PROBLEM:
Nothing after the line with "アプローチのコンクリートブロ" belongs in the copy; extract the lines below from the top through that line, pictures left out.

Stored dataset items:
....
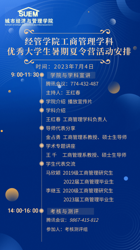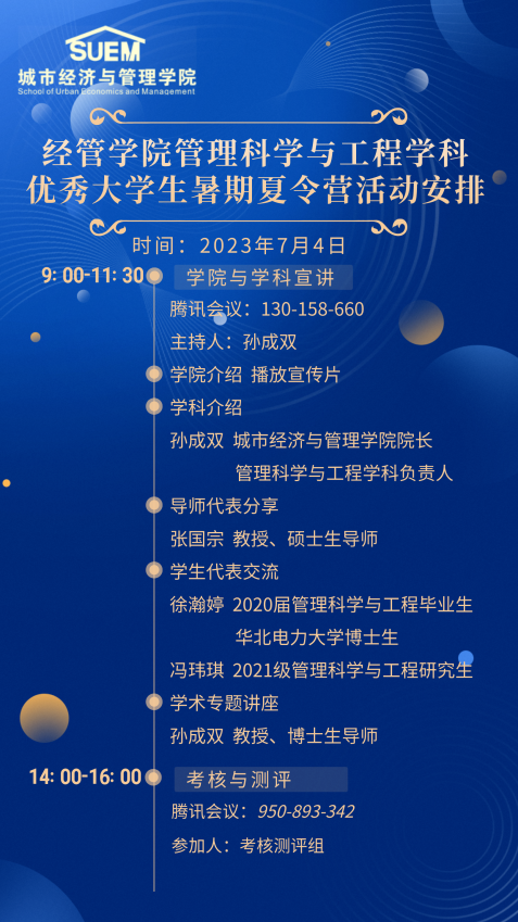 管理科学与工程学科夏令营活动由学院院长、学科负责人孙成双教授主持,孙成双教授对学院和本学科的建设与发展做了详细的介绍,同时围绕学术前沿问题进行了学术专题讲座,张国宗教授作为导师代表分享了指导学生开展课题研究的经历,两名研究生代表与营员交流了考研、读博、就业的相关经验。
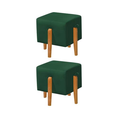 Kit 2 Puffs Quadrado Pés em Madeira Maciça Fiji Veludo Verde
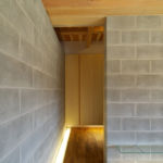 アプローチのコンクリートブロックの壁が、そのまま室内へと続いているのが特徴です。
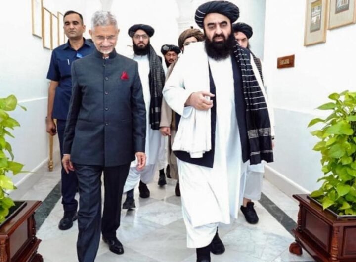 The photograph of the Taliban foreign minister Amir Khan Muttaqi sitting under an old portrait of the...
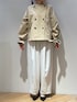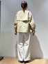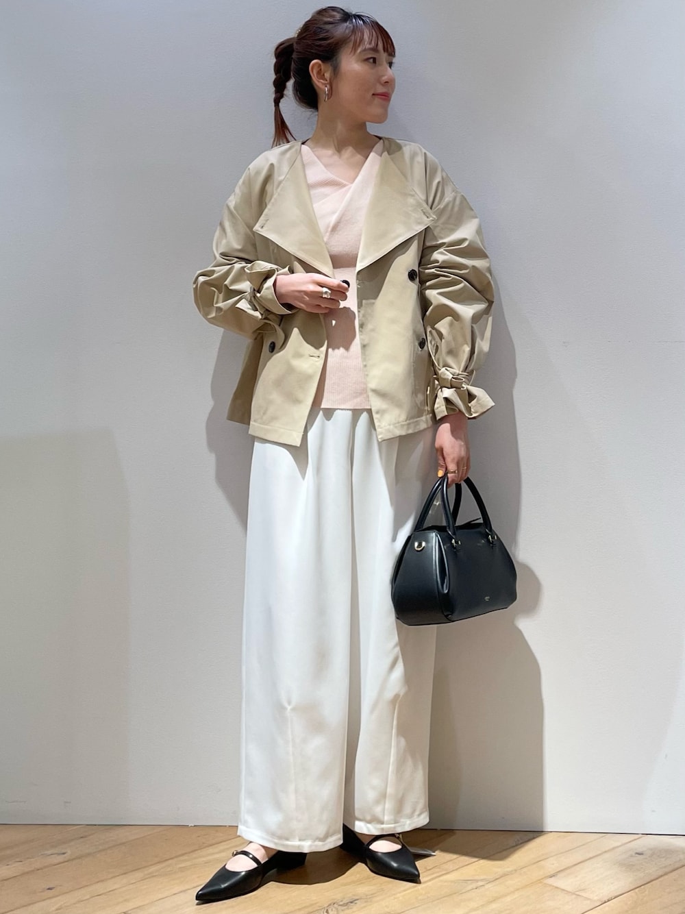 【基本プロフィール】 身長:162cm 年齢:30代前半 骨格タイプ:ストレート 普段着用サイズ: トップス・ボトム→Mサイズ シューズ→24cm 【トレンチ】Fサイズ ▼サイズ感 身幅や腕周りなどゆったりで中に沢山着込めます。着丈はショートで、ヒップの真ん中くらいの長さです。 ▼着心地・生地感 薄手で軽く、気軽に羽織れる1枚です。春にぴったりなライトベージュ。 【ニット】Fサイズ ▼サイズ感 程よくフィット感がありラインを綺麗に見せてくれます。二の腕周りはゆったりめです。着丈はヒップのトップにかかるくらいの長さです。 ▼着心地・生地感 柔らかく伸縮性があり、窮屈感はないです。優しいペールトーンの淡いピンクで、フェミニンな印象です。 【パンツ】38サイズ ▼サイズ感 ウエストゴムのタックパンツで、窮屈感なく履いていただけます。緩やかなコクーンシルエットで、ヒップラインも綺麗にカバーできますよ! ▼着心地・生地感 サラッとした薄手の生地で軽い履き心地です。白は裏地があるので透け感なく安心です。シワになりにくくイージーケアもできるので、オンオフ兼用で様々な場面で履いていただけます。
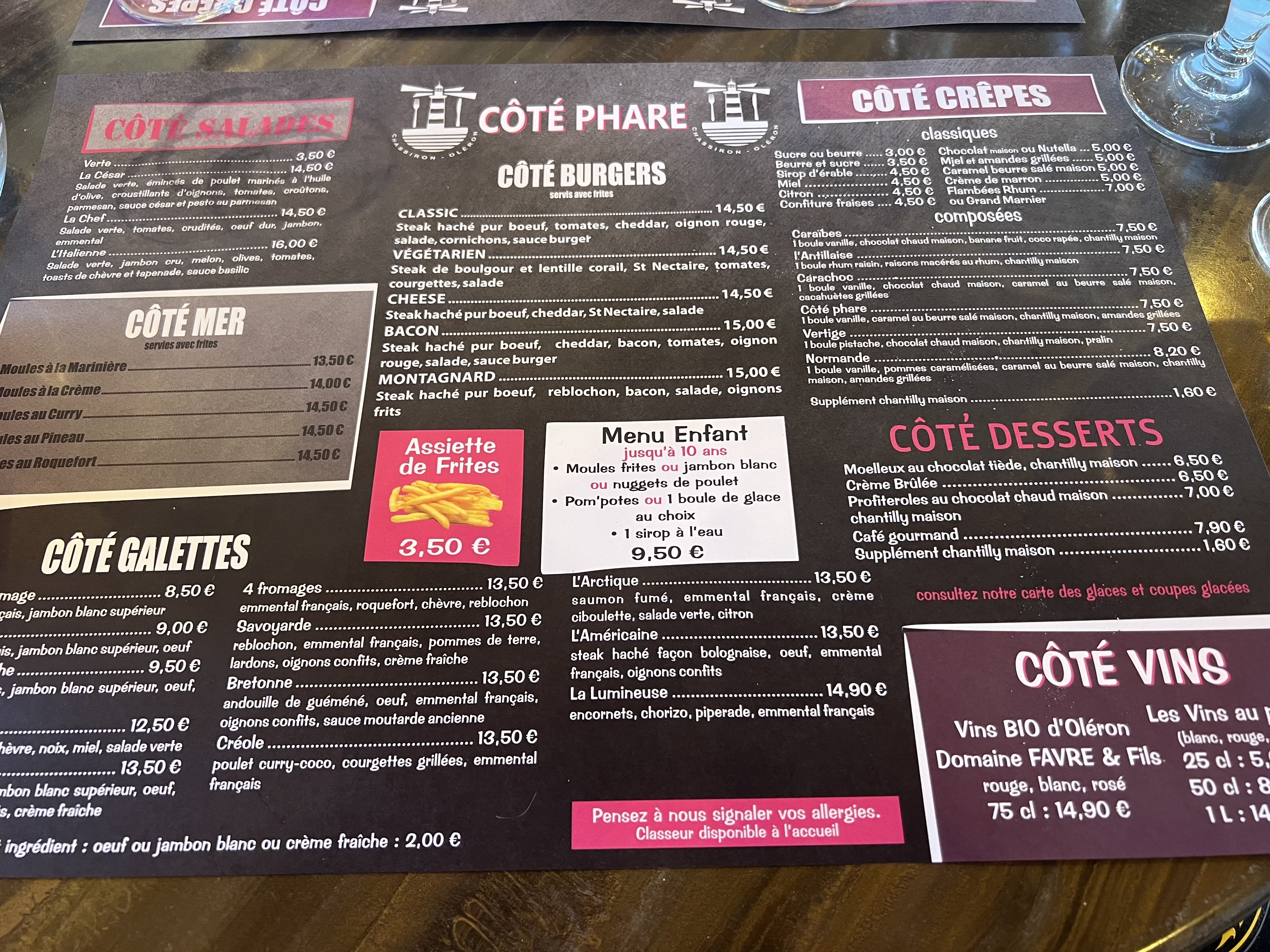 Nuggets frites surgelés pour nos enfants. Et moi quand je commande des moules frites je m’aperçois qu’une moule sur 2 est vide et que celles restantes sont toutes petites. Quand je fais une réclamation à la serveuse elle me répond que ce n’est pas la saison et qu’elles sont importées, elles ne viennent pas d’oleron. Un comble pour un restaurant. Je n’ai eu aucun geste ou proposition de sa part pour satisfaire mon repas. Pourquoi simplement proposer qu’à la bonne saison. Business is business
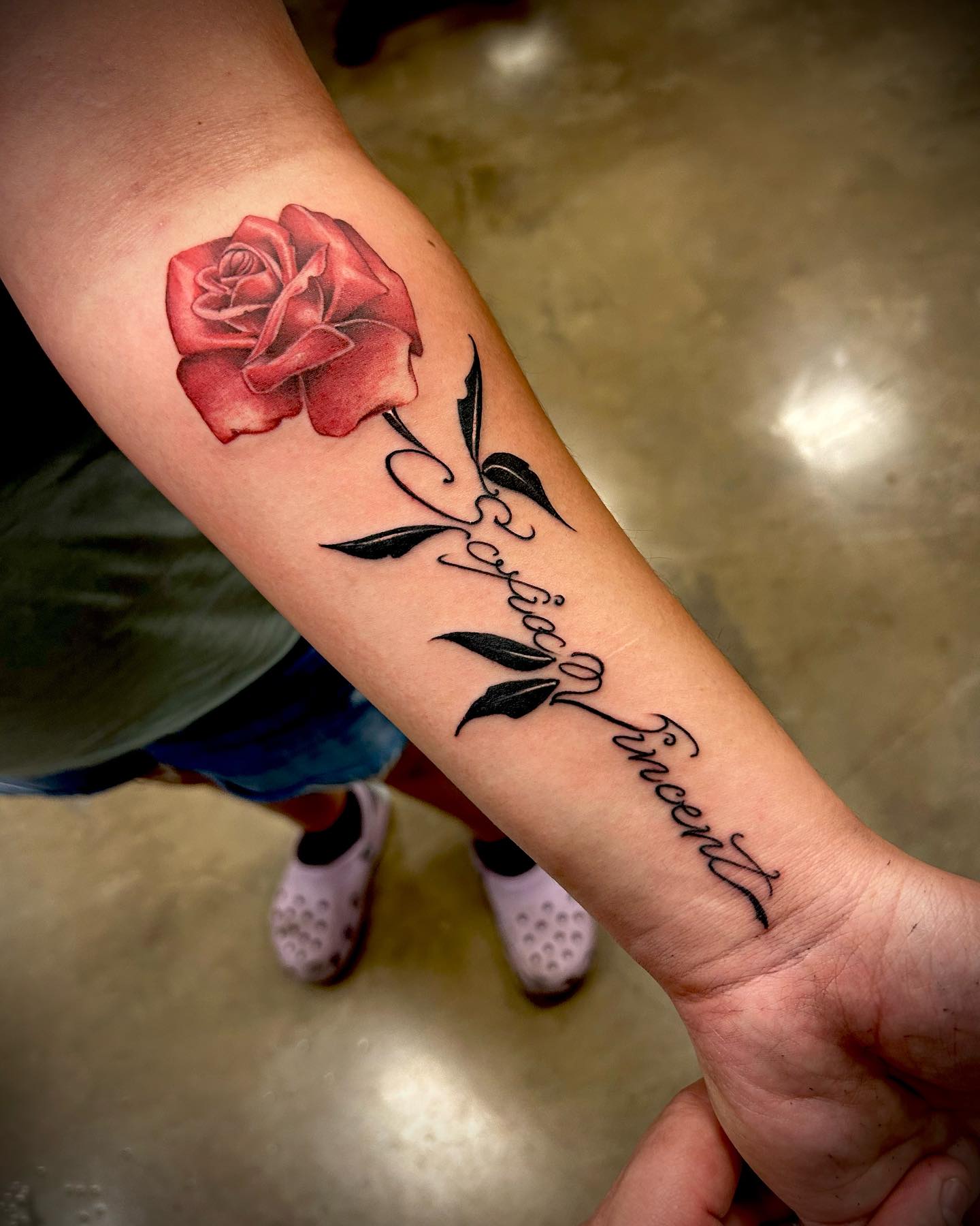 Placed along the forearm, the design feels open, expressive, and easy to admire daily. The fine script keeps the name personal without overpowering the artwork.
....
RESPONSE TO THIS TASK:
 管理科学与工程学科夏令营活动由学院院长、学科负责人孙成双教授主持,孙成双教授对学院和本学科的建设与发展做了详细的介绍,同时围绕学术前沿问题进行了学术专题讲座,张国宗教授作为导师代表分享了指导学生开展课题研究的经历,两名研究生代表与营员交流了考研、读博、就业的相关经验。
 Kit 2 Puffs Quadrado Pés em Madeira Maciça Fiji Veludo Verde
 アプローチのコンクリートブロックの壁が、そのまま室内へと続いているのが特徴です。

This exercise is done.